Packing for four seasons in one trip

Haridwar can be 35 degrees while Kedarnath drops near zero at night, in the same week. Layers win: thermals, a fleece, a windproof jacket, and a poncho (rain arrives without notice even in May). Broken-in walking shoes with grip matter more than anything else you pack. Add sunscreen and sunglasses for the high-altitude sun, a torch, and a small daypack for trek days so the main luggage stays in the vehicle.

Getting to the start

Haridwar and Rishikesh are the classic bases, both on the rail network with direct trains from Delhi; Dehradun’s Jolly Grant airport is the nearest airfield and the launch point for heli packages. GMOU and private buses run the yatra routes in season, shared jeeps cover every leg, and taxi circuits from Haridwar are the standard family option. Fuel up and withdraw cash at the base towns; ATMs get scarce and unreliable higher up.

FAQ

Chota Char Dham Yatra: questions pilgrims ask

What are the Chota Char Dham temples?

Yamunotri, Gangotri, Kedarnath, and Badrinath, all in the Garhwal Himalaya of Uttarakhand. They honour the goddesses Yamuna and Ganga, Shiva, and Vishnu respectively.
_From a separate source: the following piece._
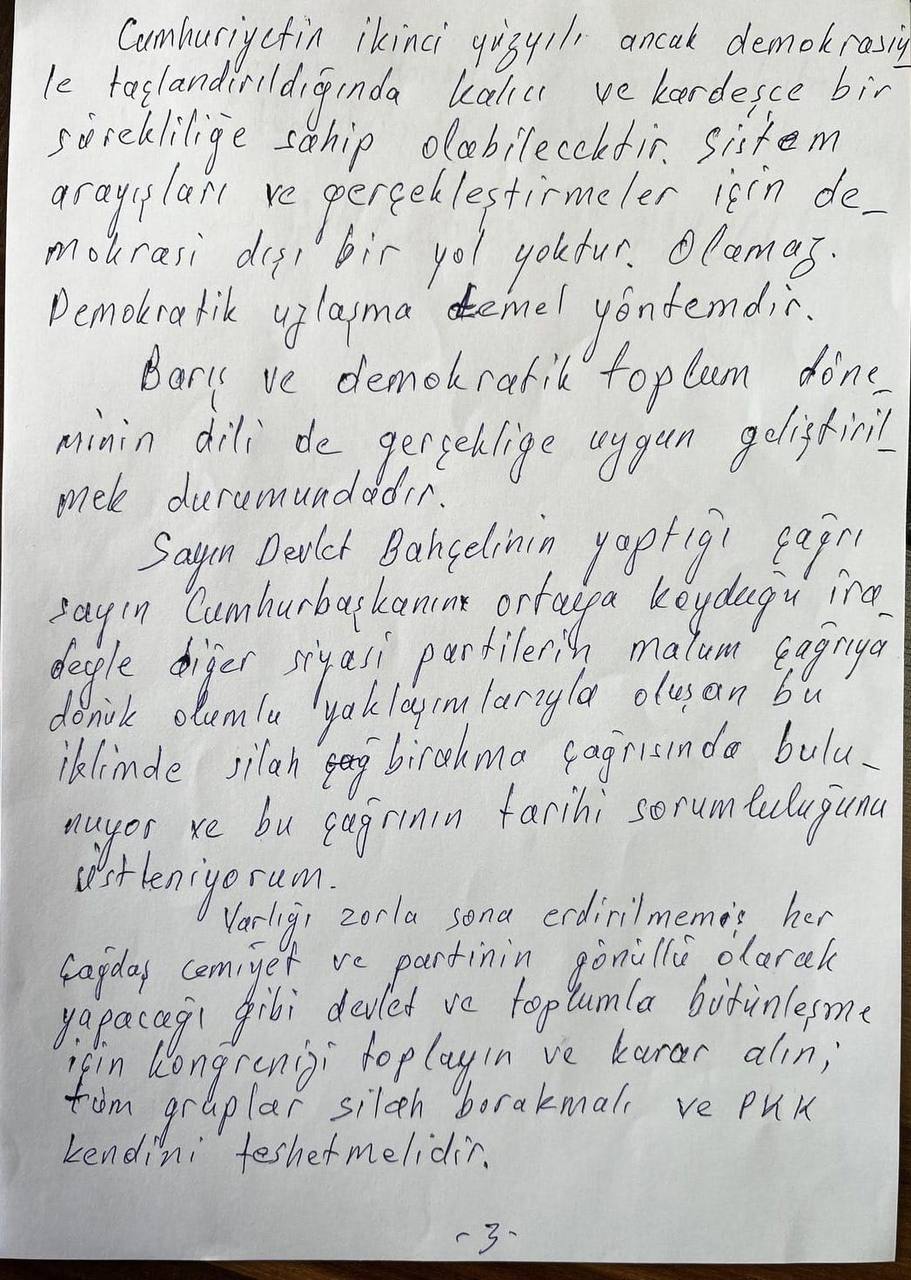 Varlığı zorla sona erdirilmemiş her çağdaş cemiyet ve partinin gönüllü olarak yapacağı gibi devlet ve toplumla bütünleşme için kongrenizi toplayın ve karar alın; tüm gruplar silah bırakmalı ve PKK kendini feshetmelidir.

How is it different from the original Char Dham?

The original Char Dham spans all of India: Puri, Rameswaram, Dwarka, and Badrinath at the four cardinal directions. The Chota (“little”) Char Dham is the Uttarakhand-only circuit, and Badrinath is the one shrine the two share.

How many days does the Chota Char Dham Yatra take?

Ten to twelve days by road from Haridwar for a comfortable circuit of all four, or about five days by full helicopter package. Two-dham versions take four to six days.

When did the dhams open in 2026?

Yamunotri and Gangotri opened on 19 April 2026 (Akshaya Tritiya), Kedarnath on 22 April, and Badrinath on 23 April. All four close around Diwali in November.

Is registration mandatory for the yatra?

Yes. Free registration on the Uttarakhand government portal registrationandtouristcare.uk.gov.in is compulsory for all four dhams, with offline counters at Haridwar and Rishikesh for those who cannot register online.

In which order should the four dhams be visited?

The traditional order runs west to east: Yamunotri first, then Gangotri, Kedarnath, and finally Badrinath. It follows the river valleys naturally and avoids backtracking.

How difficult is the Kedarnath trek?

It is a steep ~16 km climb from Gaurikund gaining over 1,500 m, typically six to nine hours on foot. Ponies, dolis, and helicopter shuttles offer alternatives, and most pilgrims overnight at Kedarnath before descending.

Can elderly people do the Chota Char Dham Yatra?

Yes, with planning. Gangotri and Badrinath need no trekking at all, while Yamunotri and Kedarnath offer ponies, dolis, and helicopters. A pre-trip health check is strongly advised for anyone with heart or blood-pressure conditions.

How much does the Kedarnath helicopter cost?

Scheduled round trips from Phata, Sirsi, and Guptkashi cost roughly Rs 6,000 to 13,000 per seat in 2026, booked only through the official IRCTC HeliYatra portal. Full four-dham charter packages run about Rs 1.5 to 2.8 lakh per person.

Which is the highest of the four dhams?

Kedarnath, at about 3,583 m, is the highest and the most remote, reachable only by trek or helicopter. It is also the highest of the twelve Jyotirlingas of Shiva.